Economists call the number of times a dollar is spent per year the velocity of money.  When people spend their money as quickly as they get it, that increases velocity, which pushes inflation up even faster.

Consumers do not create inflation (central banks do), but they can speed up or slow down how long it takes for the newly printed money to affect prices.  If the central bank printed a bunch of money but kept it out of circulation, prices would not rise, but when that money starts to circulate, then prices rise.  Once the new money is out there, it can take a long time or a short time for that to affect prices, but the eventual rise in prices is due to the initial money printing.

But Crash Course seems to think that consumers’ eagerness to spend is what pushes prices up, even if the printing has stopped.

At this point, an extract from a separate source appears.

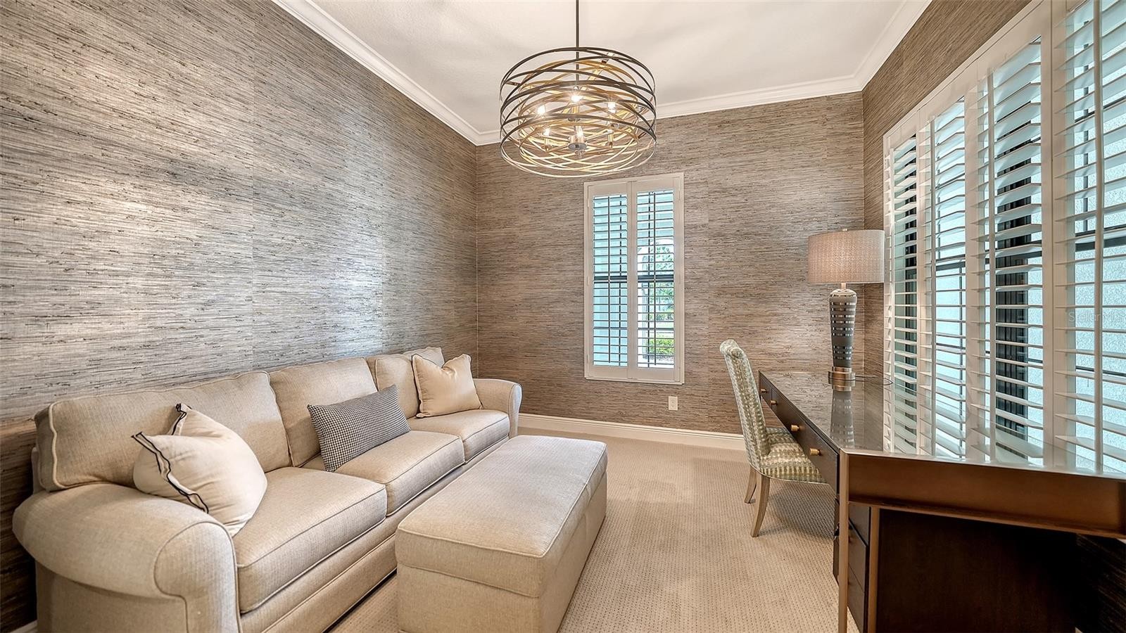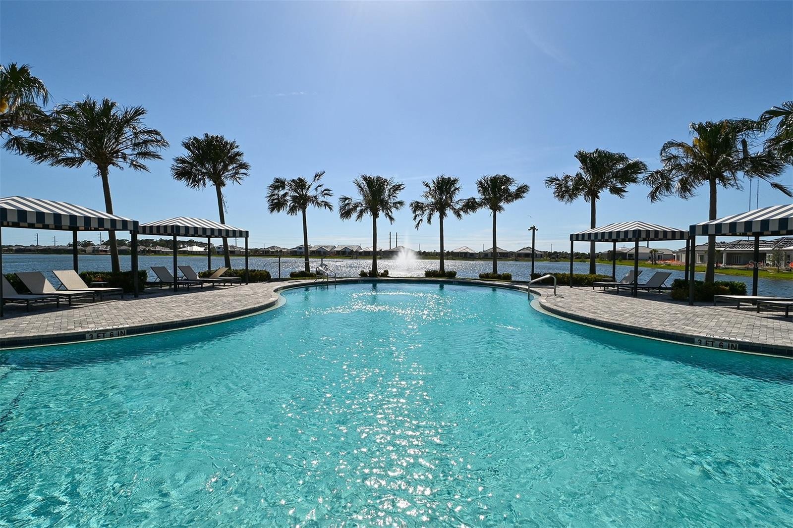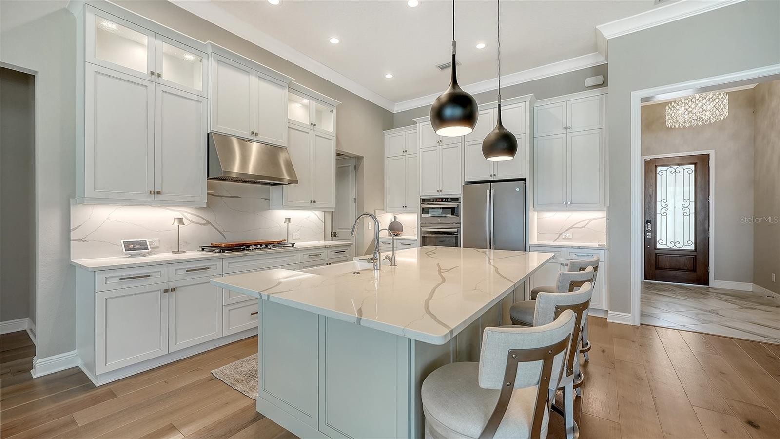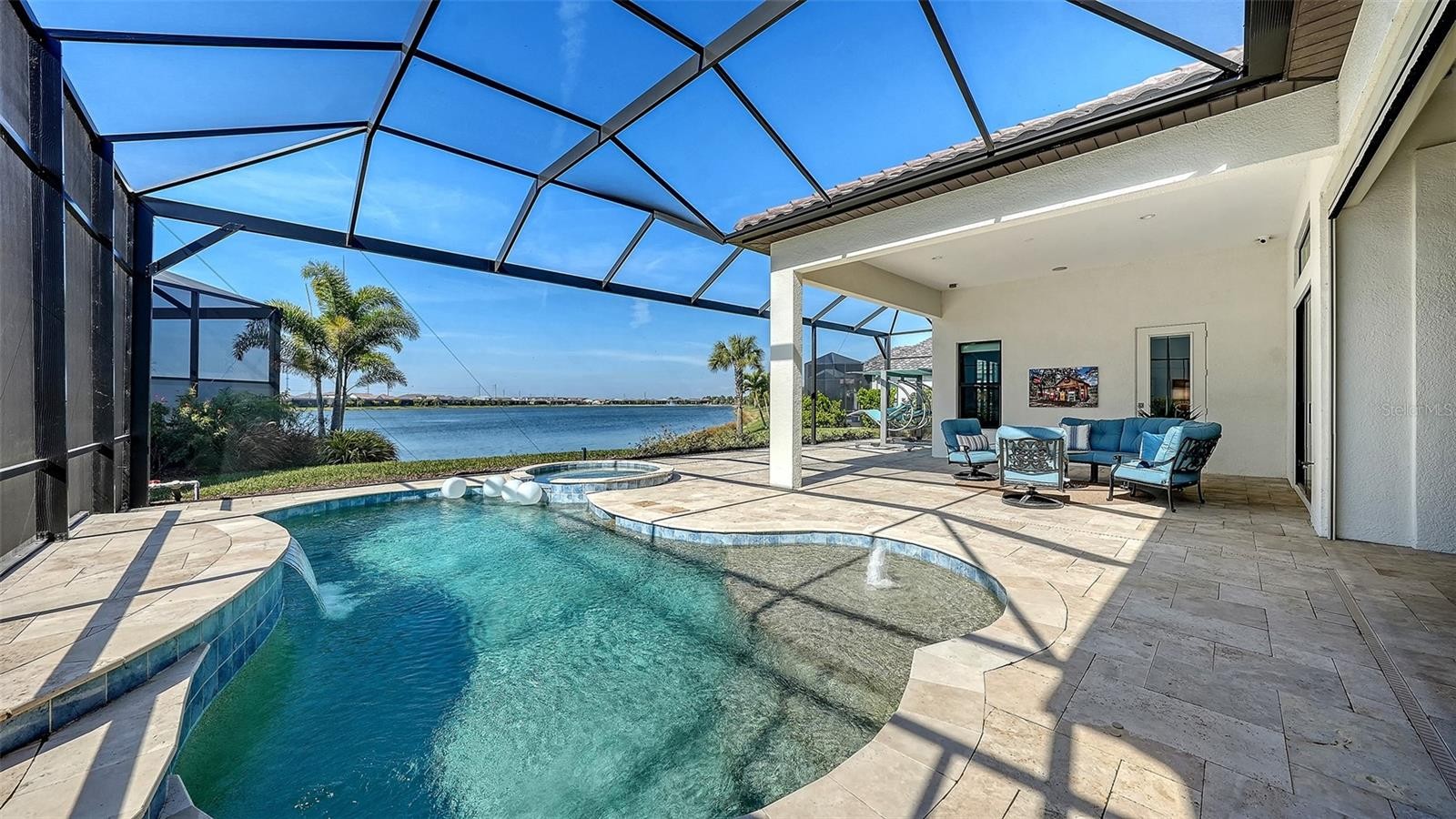 Perfectly positioned on the largest, most coveted lot in the community, this extraordinary modern Mediterranean masterpiece by Neal Signature Homes offers sweeping expansive lake views and unparalleled privacy. The Italian inspired façade, ceramic barrel tile roof, paved driveway, and welcoming front porch set the tone for an exquisitely curated interior exemplifying elevated Florida luxury living. Step into a dramatic foyer that opens to a sun drenched Great Room with soaring tray ceilings adorned with bespoke luxury wallpaper, transom topped windows, and wide plank engineered wood floors. An artfully designed den flows effortlessly off the Great Room, ideal for a private home office, media lounge, or fitness studio. The gourmet designer kitchen is a showpiece, featuring upgraded cabinetry, vented hood, quartz countertops, natural gas cooktop, double wall ovens, built in refrigerator, and a spacious walk in pantry with upgraded wood shelving. The adjoining dining area provides a seamless setting for intimate meals or grand entertaining. Oversized sliding doors open to a palatial screened lanai, where a stone encased, warm fireplace frames the breathtaking lake views and a private, resort style retreat. The heated saltwater smart pool with sun shelf and fully equipped outdoor kitchen, including vented hood, sink, grill, and refrigerator, creates an unparalleled outdoor living and entertaining experience. The primary suite is a serene sanctuary, boasting gorgeous lake views and a tray ceiling adorned with beautiful custom wallpaper. It's spa inspired bath features a freestanding soaking tub, dual sink quartz vanity, expansive walk in shower with floor to ceiling tile, and two oversized walk in closets with custom shelving, exemplifying refined, thoughtful luxury throughout. The private guest suite offers comfort and privacy with its own spacious closet and en-suite bath, while an additional well appointed guest bedroom shares a hall bath. A stylish powder room completes the interior, with every space designed to complement the home’s elegant aesthetic. Upgrades include plantation shutters, electric shades, impact windows, hurricane lanai shutters, custom lighting, upgraded ceiling fans, designer window treatments, exterior security cameras, epoxy garage floors and insulated garage doors. Professionally designed and impeccably styled, this residence features designer wallpaper and elevated finishes throughout. Offered fully turnkey and sold furnished, it provides a rare opportunity to enjoy immediate, high caliber Florida luxury living. Residents of the gated, maintenance free Aria at Venice community enjoy world class amenities, including a resort style clubhouse, sparkling pool and spa, fitness center, championship pickleball courts, serene lakes, landscaped grounds, and an expansive events lawn offering resort inspired living at its finest. Ideally located near downtown Venice, Sarasota Memorial Hospital, premier shopping and dining, and just minutes from Venice Beach with convenient I-75 access, this property represents a truly unparalleled lifestyle in one of Florida’s most coveted communities.

Let’s imagine an economy without a central bank setting interest rates, and instead, interest rates were determined by the market.  If something like this were to happen and everyone quickly spent their money as soon as they received it, businesses who wanted large loans would have a very hard time getting them, since money is being spent instead of saved.  The most in need of loans would be willing to pay a premium for it, and banks would offer high interest rates to encourage people to save money, so they could lend it out to businesses.  People would eventually stop spending as much as they notice that it would be more beneficial to save their money and collect a high interest rate.

Once a central bank enters the picture, interest rates are held artificially below the market rate, encouraging people not to save and for banks to borrow more newly-printed money from the central bank for a low rate.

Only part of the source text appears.